De ce fait tous les vols ont été annulés, y compris celui de mes colocataires, les sœurs colombiennes Valentina et Tatiana. Elles avaient leur billet de retour pour juillet mais la compagnie aérienne leur a annoncé que leur vol avait été annulé, la Colombie ayant elle aussi fermé ses frontières.
Alternant avec leurs cours en ligne, les deux sœurs envoyaient de nombreux mails à leur ambassade afin de savoir quelles étaient les solutions proposées pour qu’elles puissent rentrer au pays. Après une très longue attente, elles ont finalement eu une réponse et ont dû remplir de nombreux formulaires concernant leur situation. Les semaines ont passé sans grandes nouvelles jusqu’à ce qu’un premier vol de rapatriement soit organisé.
Il s’agissait d’un vol dit « humanitaire » proposé par l’ambassade mais qui coûtait toutefois 500 dollars par personne. Valentina et Tatiana ont été prévenues quelques jours avant le vol qu’elles se trouvaient sur la liste d’attente; leur contact ignorait si le fait d’avoir vu leur vol de retour annulé pouvait leur donner le droit à un échange ou à une réduction sur le billet. Elles ont alors commencé à faire leurs valises et à se renseigner afin de savoir si leur famille parviendrait à réunir une telle somme en quelques jours à peine.
La veille du vol (moins de 24h avant le décollage) elles ont finalement été prévenues par mail qu’elles n’avaient pas été sélectionnées pour rentrer. L’avion a donc décollé sans elles et aucun autre vol de rapatriement n’a été organisé pendant environ un mois.

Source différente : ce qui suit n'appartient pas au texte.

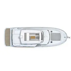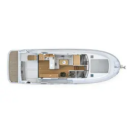 Dans le cockpit, l'espace salon est combiné avec la salle à manger : un grand canapé et une table pliante avec des chaises pliantes. L'échelle menant au flybridge avec des marches en teck peut être déplacée le long des rails et fixée. Des portes doubles sur le tableau arrière du côté bâbord mènent à la plateforme arrière, qui peut être utilisée comme plateforme de baignade ou pour transporter un canot pesant 350 kg.

Après une longue attente sans avoir d’information de la part de l’ambassade, un autre vol a été organisé. Cette fois, c’était le Chili qui en était l’instigateur, désirant rapatrier les Chiliens présents en Colombie. Afin de ne pas envoyer l’avion à vide, il a été proposé à des Colombiens de prendre ce vol qui serait gratuit à une condition : les passagers auraient interdiction de revenir au Chili durant 9 ans. Une punition radicale et injuste mais l’heure n’était pas à la négociation, le vol étant programmé pour les jours suivants.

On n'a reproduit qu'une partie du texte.